▸ Work instruction:
Each line below should be repeated exactly as written, with no pictures carried over.

▸ Exercise material:
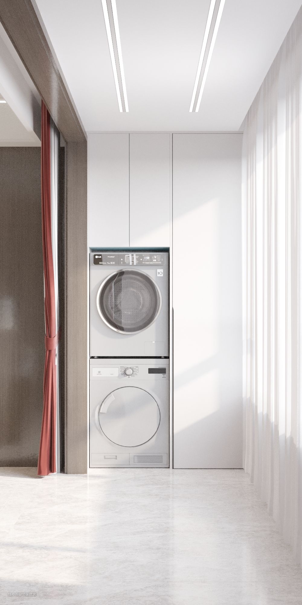 收纳型阳台,充分利用阳台空间,配备一通到顶的收纳柜,放置洗衣伴侣,收纳美观兼具,白色纱帘设计,透光性好,也更加梦幻美观。
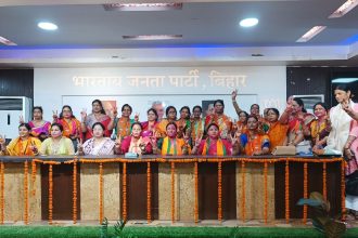 बिहार भाजपा महिला मोर्चा ने प्रदेश कार्यालय पर बाजे-गाजे के साथ मनाया उत्सव
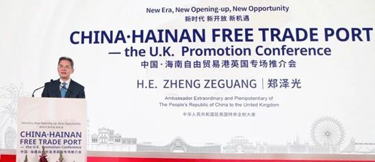 中国驻英国大使郑泽光在致辞中表示,积极拓展与海南的合作将为中英经贸关系发展带来新机遇。一是搭建双边贸易投资新通道。海南自贸港的税收优惠和开放制度可为中英贸易投资合作提供强大助力。二是打造现代产业合作新亮点。海南自贸港聚焦现代服务、高端消费、科技创新、节能环保、数字经济等重点产业行业,与英国经济的优势领域和重点发展方向非常契合,双方合作潜力巨大。三是增添国际前沿合作新动能。海南自贸港建设五年来,已形成国际旅游消费中心、国际医疗旅游先行区、国际教育创新试验区等响亮品牌。英国企业可借助这些平台拓展与中国以及亚太地区其他国家的务实合作。?
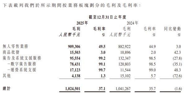 截至2025年12月31日止年度,公司录得 综合 毛利约人民币10.245亿元,同比减少1.6%。截至2025年12月31日止年度,公司的 综合 毛利率为37.1%,同比增加1.4个百分点。毛利及毛利率的同比变动主要由于于无人零售业务中开发高利润点位,以及公司旨在降低成本的发展策略。
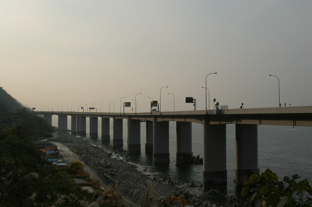 高速道路が海の上を通っています。すごい! ここを通るのは気持ちがいいですよ! ちなみに下の道はとても恐いです(^^;
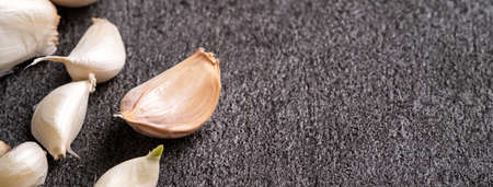 Close up of fresh garlic cloves on black table background.
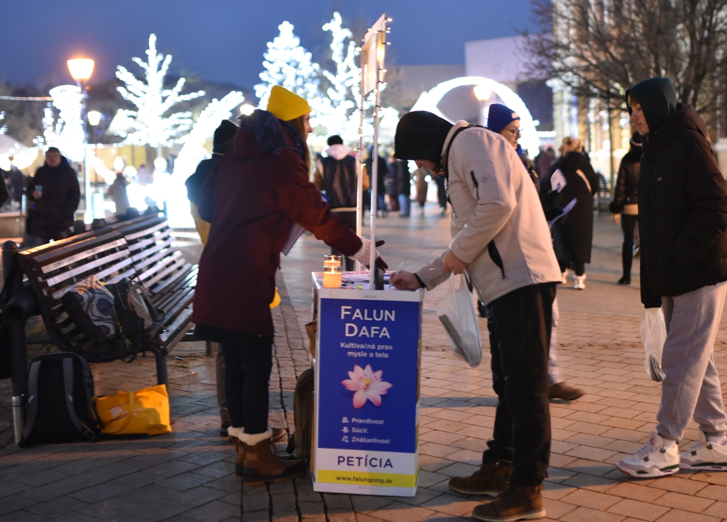 十二月十四日,在斯洛伐克西部城市尼特拉,法轮功学员在斯特法尼科街(Stefanik)举行请愿活动。尽管天气寒冷,许多路人还是停下来签名,呼吁制止迫害。
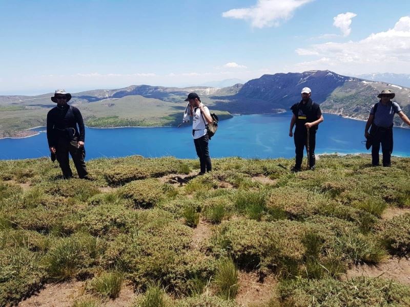 Bitlis Doğa Spor Kulübünün 7 üyesi, Nemrut Krater Gölü etrafını 12 saatte turladı.
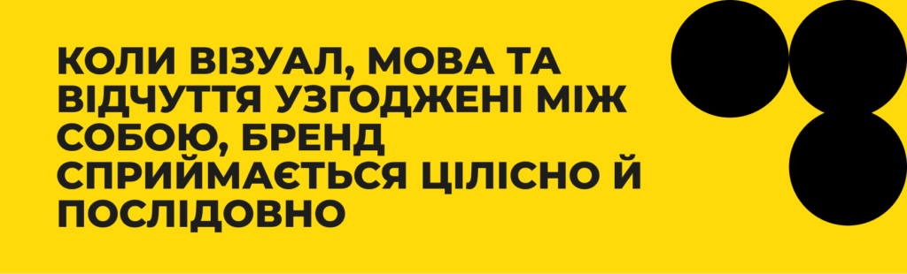 • Однак візуал не працює сам по собі. Паралельно з ним функціонує вербальна айдентика — те, як бренд говорить і формулює свої думки. Вона охоплює лексику, ритм мовлення, стиль текстів, слогани та Tone of Voice. Саме вербальна складова допомагає бренду вибудовувати характер у комунікації: бути стриманим або емоційним, експертним або дружнім, формальним чи неформальним. Через мову бренд доносить свої цінності та вибудовує довіру.
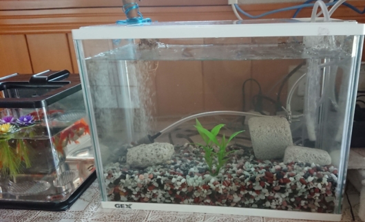 水槽を立ち上げてから数日は金魚を入れないほうがいいってなにかで見たんで、三日くらい水を循環させてから金魚いれます。
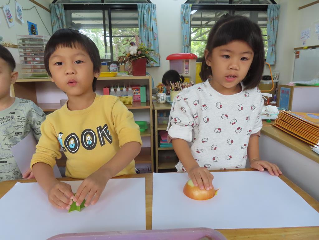 哇!蔬果變變變 秋葵變成朵朵花 楊桃變成天上星 美麗的蔬果蓋印完成囉!
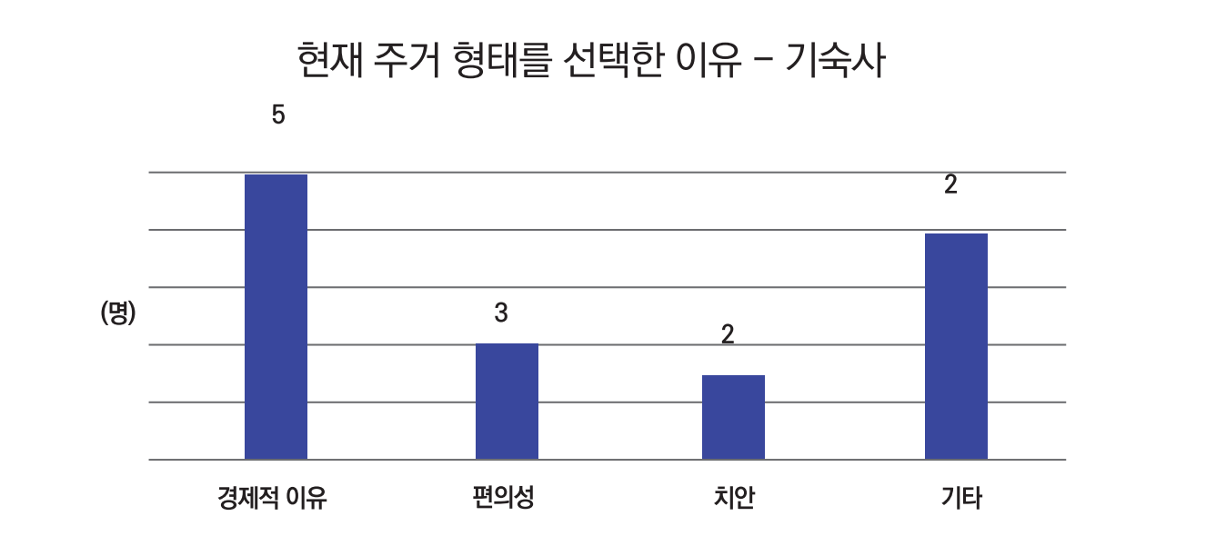 자체적으로 진행한 주거 실태 조사에서도 학생들은 기숙사에 거주하는 이유로 ‘저렴하다’, ‘가격 대비 성능이 좋다’ 등 경제적인 부분을 가장 많이 언급했다. 기숙사에 여러 시설이 갖추어져 있어 편하다거나 치안이 좋다는 응답이 뒤를 이었다.
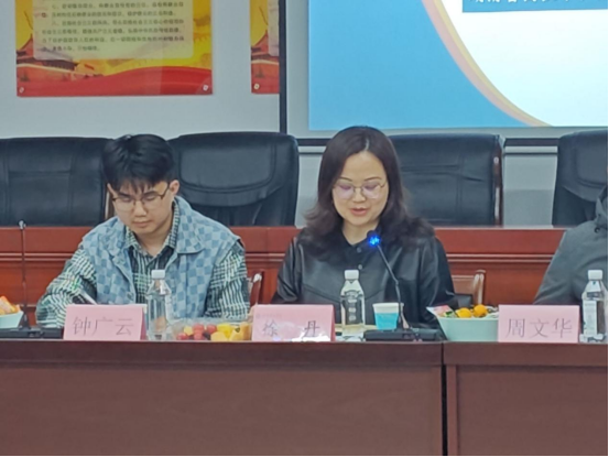 徐丹作总结发言,她强调辅导员是学校教育教学工作中不可或缺的一支重要力量,是学校与学生之间的桥梁和纽带。建议广大辅导员把好“聚焦、培育”两个关键词,在项目研究过程中巧妙做到“小题大做”,多学习、多思考、多吃苦,尽可能地将实践工作进行成果转化;同时感谢在座老师的宝贵建议和意见,后续会对工作室建设进行调优化,以便工作室发挥更大的作用和影响力。
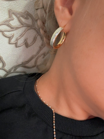С удовольствием относила все лето. Оптимальный размер. Замочек крепкий. Очень удобно сочетание двух цветов в изделии. Качество позолоты хорошее.
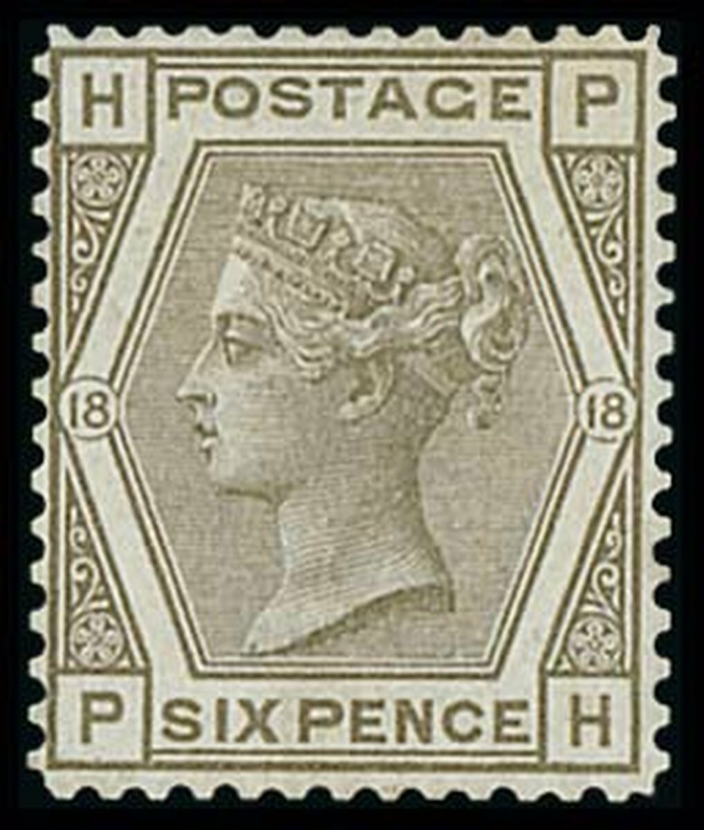 6d. grey, PH, Plate 18 imperforate imprimatur, fine original gum, from the De La Rue "Before and After" committee presentation book. Spec. J89, £2,750, S.G. 161var
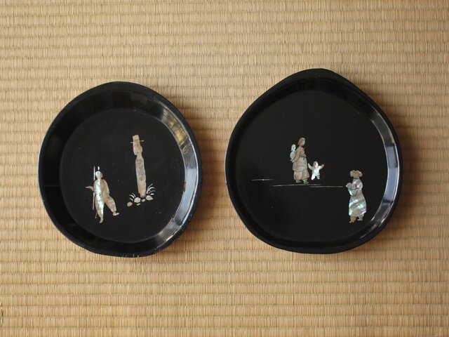朝鮮美術 李王家美術工場造 将軍標螺鈿 瓢盆 2個1組 U402
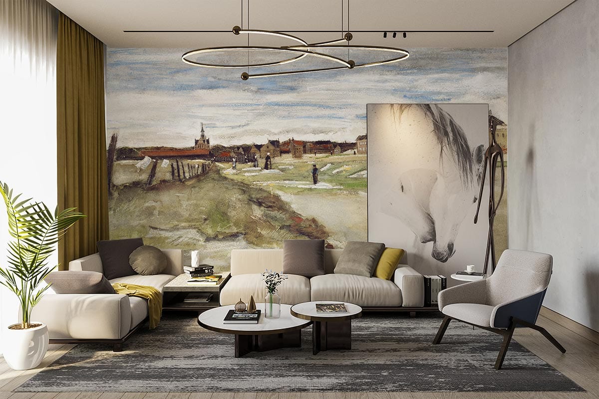 Donnez de la vie à vos murs avec ce Papier peint panoramique Bleaching Ground inspiré d'une véritable œuvre d'art. Un design audacieux et unique mettant en valeur un paysage de champ paisible dessiné dans un motif au crayon coloré. Avec ce portrait basé sur une journée décontractée en Europe, animée par un ciel bleu, de l'herbe verte et des maisons anciennes, ce papier peint mural apportera certainement du caractère, du charme et de l'intérêt à n'importe quelle pièce de votre maison. Rehaussé par un effet de texture subtil, ce papier peint mural fera ressortir n'importe quelle pièce.

▸ Answer to the exercise:
 收纳型阳台,充分利用阳台空间,配备一通到顶的收纳柜,放置洗衣伴侣,收纳美观兼具,白色纱帘设计,透光性好,也更加梦幻美观。
 बिहार भाजपा महिला मोर्चा ने प्रदेश कार्यालय पर बाजे-गाजे के साथ मनाया उत्सव
 中国驻英国大使郑泽光在致辞中表示,积极拓展与海南的合作将为中英经贸关系发展带来新机遇。一是搭建双边贸易投资新通道。海南自贸港的税收优惠和开放制度可为中英贸易投资合作提供强大助力。二是打造现代产业合作新亮点。海南自贸港聚焦现代服务、高端消费、科技创新、节能环保、数字经济等重点产业行业,与英国经济的优势领域和重点发展方向非常契合,双方合作潜力巨大。三是增添国际前沿合作新动能。海南自贸港建设五年来,已形成国际旅游消费中心、国际医疗旅游先行区、国际教育创新试验区等响亮品牌。英国企业可借助这些平台拓展与中国以及亚太地区其他国家的务实合作。?
 截至2025年12月31日止年度,公司录得 综合 毛利约人民币10.245亿元,同比减少1.6%。截至2025年12月31日止年度,公司的 综合 毛利率为37.1%,同比增加1.4个百分点。毛利及毛利率的同比变动主要由于于无人零售业务中开发高利润点位,以及公司旨在降低成本的发展策略。
 高速道路が海の上を通っています。すごい! ここを通るのは気持ちがいいですよ! ちなみに下の道はとても恐いです(^^;
 Close up of fresh garlic cloves on black table background.
 十二月十四日,在斯洛伐克西部城市尼特拉,法轮功学员在斯特法尼科街(Stefanik)举行请愿活动。尽管天气寒冷,许多路人还是停下来签名,呼吁制止迫害。
 Bitlis Doğa Spor Kulübünün 7 üyesi, Nemrut Krater Gölü etrafını 12 saatte turladı.
 • Однак візуал не працює сам по собі. Паралельно з ним функціонує вербальна айдентика — те, як бренд говорить і формулює свої думки. Вона охоплює лексику, ритм мовлення, стиль текстів, слогани та Tone of Voice. Саме вербальна складова допомагає бренду вибудовувати характер у комунікації: бути стриманим або емоційним, експертним або дружнім, формальним чи неформальним. Через мову бренд доносить свої цінності та вибудовує довіру.
 水槽を立ち上げてから数日は金魚を入れないほうがいいってなにかで見たんで、三日くらい水を循環させてから金魚いれます。
 哇!蔬果變變變 秋葵變成朵朵花 楊桃變成天上星 美麗的蔬果蓋印完成囉!
 자체적으로 진행한 주거 실태 조사에서도 학생들은 기숙사에 거주하는 이유로 ‘저렴하다’, ‘가격 대비 성능이 좋다’ 등 경제적인 부분을 가장 많이 언급했다. 기숙사에 여러 시설이 갖추어져 있어 편하다거나 치안이 좋다는 응답이 뒤를 이었다.
 徐丹作总结发言,她强调辅导员是学校教育教学工作中不可或缺的一支重要力量,是学校与学生之间的桥梁和纽带。建议广大辅导员把好“聚焦、培育”两个关键词,在项目研究过程中巧妙做到“小题大做”,多学习、多思考、多吃苦,尽可能地将实践工作进行成果转化;同时感谢在座老师的宝贵建议和意见,后续会对工作室建设进行调优化,以便工作室发挥更大的作用和影响力。
С удовольствием относила все лето. Оптимальный размер. Замочек крепкий. Очень удобно сочетание двух цветов в изделии. Качество позолоты хорошее.
 6d. grey, PH, Plate 18 imperforate imprimatur, fine original gum, from the De La Rue "Before and After" committee presentation book. Spec. J89, £2,750, S.G. 161var
朝鮮美術 李王家美術工場造 将軍標螺鈿 瓢盆 2個1組 U402
 Donnez de la vie à vos murs avec ce Papier peint panoramique Bleaching Ground inspiré d'une véritable œuvre d'art. Un design audacieux et unique mettant en valeur un paysage de champ paisible dessiné dans un motif au crayon coloré. Avec ce portrait basé sur une journée décontractée en Europe, animée par un ciel bleu, de l'herbe verte et des maisons anciennes, ce papier peint mural apportera certainement du caractère, du charme et de l'intérêt à n'importe quelle pièce de votre maison. Rehaussé par un effet de texture subtil, ce papier peint mural fera ressortir n'importe quelle pièce.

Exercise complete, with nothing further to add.